Críticas aos EUA e à Coreia do Sul

Kim culpou os Estados Unidos pelo agravamento do derramamento de sangue na Europa e no Oriente Médio, e acusou Washington e Seul de tornarem a situação de segurança na península coreana mais perigosa ao reforçarem constantemente seu arsenal nuclear conjunto, cujo único propósito, segundo ele, é atacar a Coreia do Norte. 'Expandir e fortalecer de forma constante as forças nucleares... e exercer plenamente a posição de um Estado com armas nucleares é a maneira mais correta e singular de lidar de forma ativa e confiante com a imprevisível situação militar e política internacional, que se torna cada vez mais complexa de diversas maneiras', afirmou a KCNA, sem dar detalhes sobre ações específicas em relação ao arsenal nuclear.

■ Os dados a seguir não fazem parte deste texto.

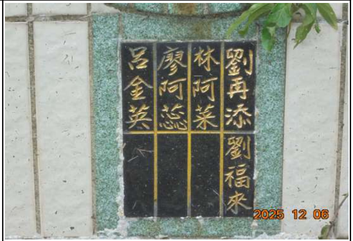
2、受葬姓名牌相片：5人

Ordens para aumento de arsenais e construção naval

Segundo a KCNA, Kim também ordenou o aumento do arsenal de armas convencionais e acelerou a construção de um cruzador estratégico de mísseis guiados de 10.000 toneladas. Yang Moo-jin, professor da Universidade de Estudos Norte-Coreanos em Seul, afirmou que os comentários reforçam a contínua rejeição de Pyongyang à desnuclearização e sua busca pelo reconhecimento como um Estado nuclear. 'A Coreia do Norte reafirma mais uma vez que as negociações sobre a desnuclearização estão fora de questão', disse Yang, acrescentando que o país só participaria de negociações 'como um Estado detentor de armas nucleares, em pé de igualdade', potencialmente focando na redução de armamentos em vez do desmantelamento.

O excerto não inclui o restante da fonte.